**Problem requirements**.
Retype the material that follows exactly, limited to the lines from the one with "We reskinned an" through the one with "Τραπεζαρία Fatel-Jaybo pakoworld", and keep out all pictures.

**** Data shown

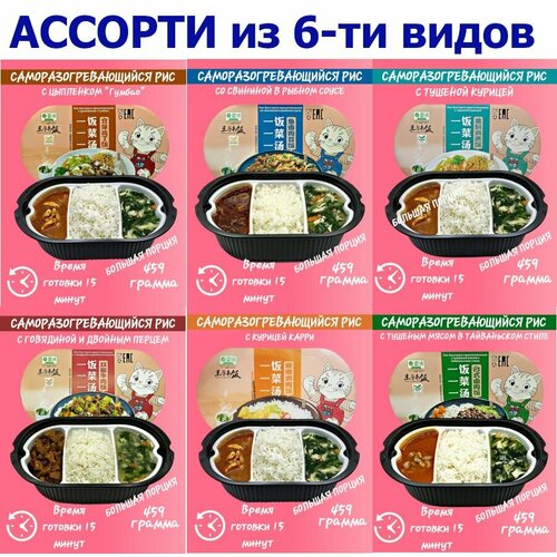 Рис саморазогревающийся ассорти из 6-ти видов, 0,2970 гр, Wang ZI Feng Fan
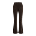 Broek van Helena Hart. Deze fluwelen broek is uitgevoerd in een diepe chocoladekleur en heeft een elegante, aangesloten pasvorm die uitloopt in een lichte flair. De zachte stretchvelours voelt comfortabel aan en zorgt voor een luxe uitstraling. De naaddetails aan de voorzijde geven het model een subtiel verlengend effect.
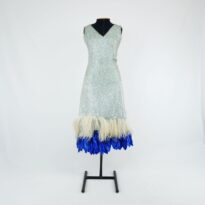 Vestido prata e azul claro Voltar U.MG.94.030 (2) U.MG.94.030 (3) Metadados Miniatura Compartilhe Número de TomboU.MG.94.030TítuloVestido prata e azul claroDescriçãoVestido midi em tecido brocado metalizado prata e azul claro, sem mangas, com aplicação de plumas e penas azul claro e escuro, zíper nas costasLocalizaçãoArara 006Ano do Espetáculo1994 | 1995 | 2015Autoria Caio da Rocha Tipo de Autoria Figurinista ColeçãoColeção RepertórioDimensões do Item Altura120 Largura62 Material/Composição do ItemTecido brocado metalizado e plumasData da Catalogaçãosetembro 16, 2025 Mais Informações Notas"José Nunes creation New York São Paulo" Continuar navegando Colar de rosas vermelhas Cinturão de glitter dourado Voltar para a lista de itens
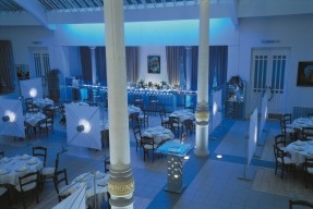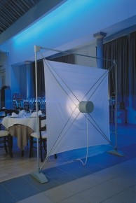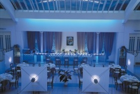 Декор, сотканный светом, — венец идеи минимализма. Разве может осязаемый предмет из тактильного мира соперничать с эфирной легкостью светового луча? Современные точечные источники — встроенные в пол и сфокусированные на квадратах белых тканевых перегородок — мягко воздействуют на присутствующих. Их корректная работа выглядит многократным отражением в интерьерном пространстве подвешенных к потолку и капителям белых светящихся шаров. Комфортностью освещения не исчерпывается функция света в интерьере "Флоренции". Светильники легких мобильных перегородок принимают активное участие в зонировании пространства наряду с изменением цвета и качества напольного покрытия. Полосы голубого кафеля на светлом фоне направляют движение по залу, а окантованные металлическими реями квадраты паркетных островов — территория под столики для клиентов.
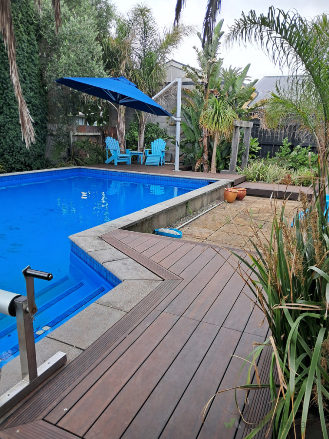 We reskinned an existing kwila deck with luxurious Bamboo decking, extending the deck platform out to create an additional seating area over the concrete pad where a spa once stood
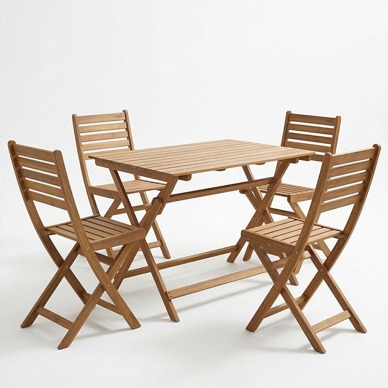 Τραπεζαρία Fatel-Jaybo pakoworld σετ 5τεμ πτυσσόμενο φυσικό μασίφ ξύλο ακακίας 100x65x72εκ
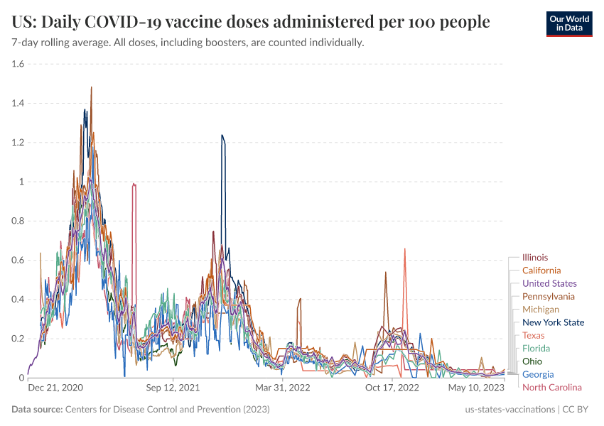 Centers for Disease Control and Prevention (2023) – processed by Our World in Data. “US: Daily COVID-19 vaccine doses administered per 100 people” [dataset]. Centers for Disease Control and Prevention, “COVID-19, Vaccinations (United States)” [original data]. Retrieved May 8, 2025 from https://enhance-improve-who-empower.owid.pages.dev/grapher/us-daily-covid-vaccine-doses-per-100
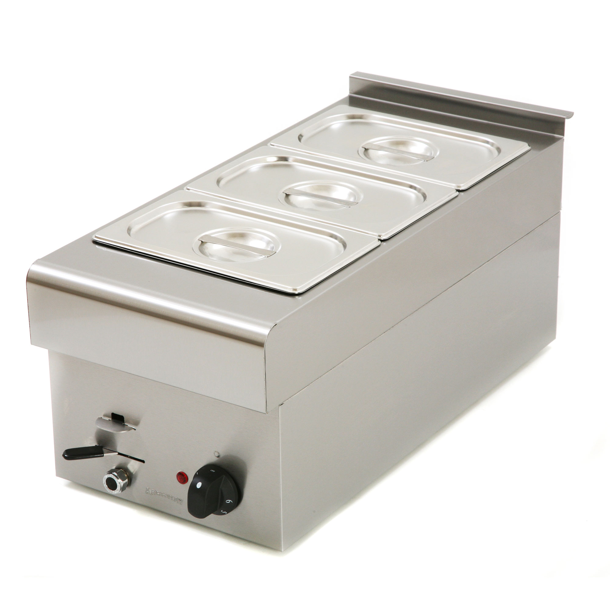 The Archway countertop gastronorm bains marie is an electric three-pot bain marie designed for precise temperature control. This product is ideal for buffet-style dining and various catering applications. It features a stainless steel body, ensuring maximum hygiene and convenience. The temperature range of this bain marie is between 30 to 90 degrees Celsius, making it suitable for all types of food preparation. It is perfect for keeping sauces, soups, gravies, and other dishes hot and ready to serve.

********

**Written answer**.
 We reskinned an existing kwila deck with luxurious Bamboo decking, extending the deck platform out to create an additional seating area over the concrete pad where a spa once stood
 Τραπεζαρία Fatel-Jaybo pakoworld σετ 5τεμ πτυσσόμενο φυσικό μασίφ ξύλο ακακίας 100x65x72εκ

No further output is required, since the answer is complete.